Vajra implements the standard BM25 ranking algorithm using rigorous mathematical abstractions:

  • Morphisms: BM25 scoring as a mathematical arrow (Query, Document) → ℝ
  • Coalgebras: Search as state unfolding QueryState → List[SearchResult]
  • Functors: The List functor captures multiple-results semantics

While Vajra BM25 uses the same underlying mathematics of BM25, it uses different vocabulary to describe the search process, and the abstractions are more amenable to experimentation and improvement. The core BM25 formula is identical to other implementations—category theory provides the organizational structure.

Installation

# Basic installation (zero dependencies)
pip install vajra-bm25

# With optimizations (NumPy + SciPy for vectorized operations)
pip install vajra-bm25[optimized]

# With PDF support (index and search PDF documents)
pip install vajra-bm25[pdf]

# With index persistence (save/load indices)
pip install vajra-bm25[persistence]

# With vector search (semantic search with embeddings)
pip install vajra-bm25[vector]

# With vector search + Numba acceleration
pip install vajra-bm25[vector-numba]

# With CLI (interactive search)
pip install vajra-bm25[cli]

# Everything
pip install vajra-bm25[all]

Interactive CLI

Vajra includes a rich interactive CLI for exploring BM25, vector, and hybrid search:

# Interactive BM25 mode with BEIR SciFact dataset
vajra-search

# Single query mode
vajra-search -q "machine learning algorithms"

# Use custom JSONL corpus
vajra-search --corpus my_documents.jsonl

# Search PDF files (requires: pip install vajra-bm25[pdf])
vajra-search --corpus document.pdf -q "search query"

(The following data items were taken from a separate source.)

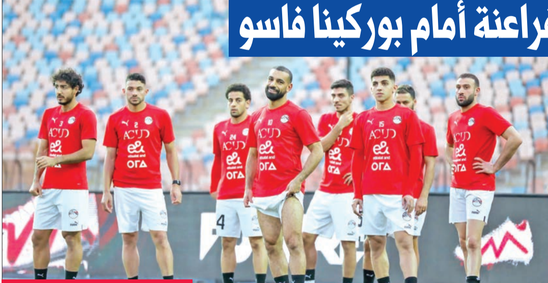
محمد صلاح في مران منتخب مصر

تدريب المنتخب في الفترة الحالية، وبشكل عام يمتلك منتخب مصر لاعبين راعين، ولكن نحن أيضاً نمتلك القوة والشجاعة، وحننا للناز والانتقام من منتخب مصر بعد الخسارة منهم في كأس الأمم الإفريقية في الغابون 2027».
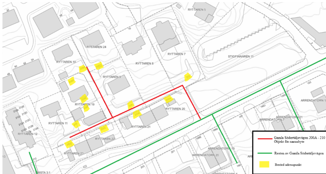
Karta 2. Utbredning av adresser som behöver ändras till följd av vägnamnsbytet.

I kvarteret Ryttaren är det elva fastigheter som påverkas av väg- och adressbytet. Adressnummer fastställs i separat beslut på delegation av nämnden till handläggare, tidigast fyra veckor efter att nämndens beslut vunnit laga kraft.
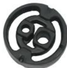
21310 Citroen Gummi- Metallpuffer
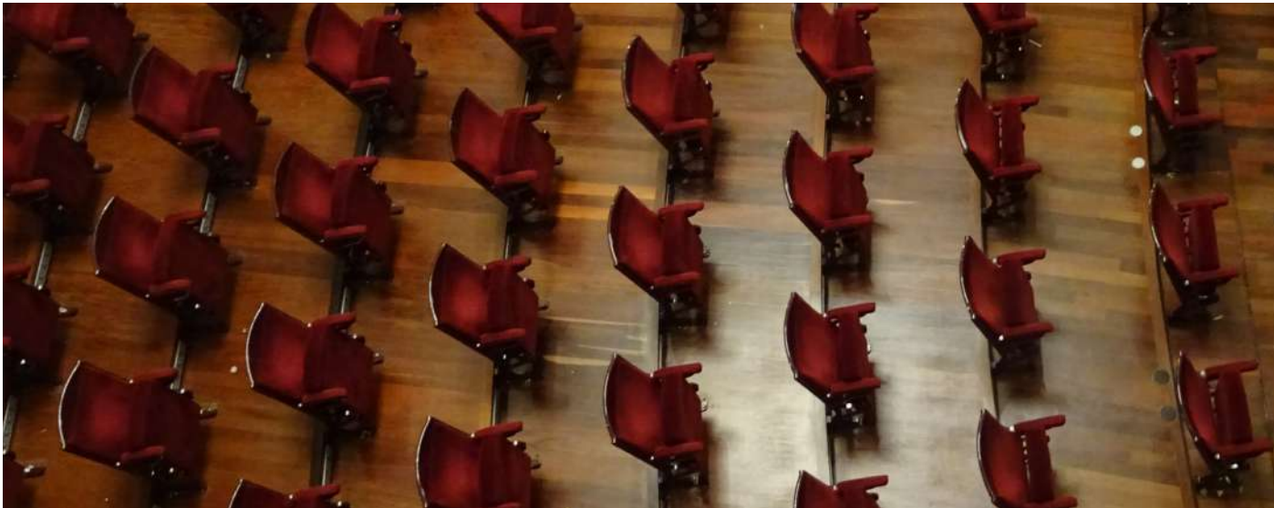
El Victoria Eugenia, con menos butacas, por las medidas de seguridad.

2 020an, Donostia Kulturako Ekoizpen Unitateak 405 ekoizpen egin zituen, Victoria Eugenia Antzokian, Antzoki Zaharrean, San Telmo Museoan, Kursaal zentroan eta beste gune batzuetan egindakoak batuta. Horrek esan nahi du 2019koa baino askoz gutxiago izan zirela (-%54), aretoak ixtearen eta jarduerak gutxitzearen ondorioz, Covid-19a zela eta.
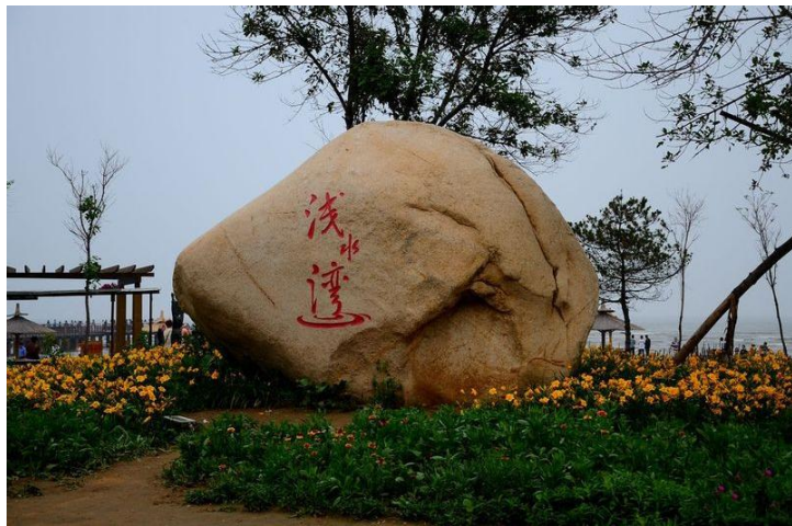
浅水湾 by coolui
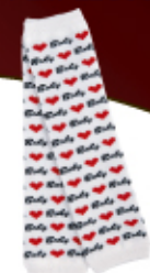
BABY ハート ホワイト
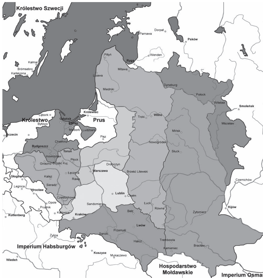
Розділи Речі Посполитої в 1772—1795 рр. Суспільне надбання

В...селі було 223 будинки, в яких проживало 1357 жителів. ...За національністю — 1183 русинів, 167 поляків, 7 німців.

# Search a directory of PDFs
vajra-search --corpus ./pdf_folder/

# Vector search (requires: pip install vajra-bm25[vector])
vajra-search --mode vector
vajra-search --mode vector --model all-MiniLM-L6-v2

# Hybrid search (BM25 + Vector with RRF fusion)
vajra-search --mode hybrid
vajra-search --mode hybrid --alpha 0.5  # 50% BM25, 50% vector
vajra-search --mode hybrid --alpha 0.7  # 70% BM25, 30% vector

# Show options
vajra-search --help

In interactive mode, use :help for commands, :stats for index info, and :quit to exit.

Quick Start

The Python API for using Vajra BM25 is quite straightforward. Vajra supports JSONL and PDF document formats via the DocumentCorpus class.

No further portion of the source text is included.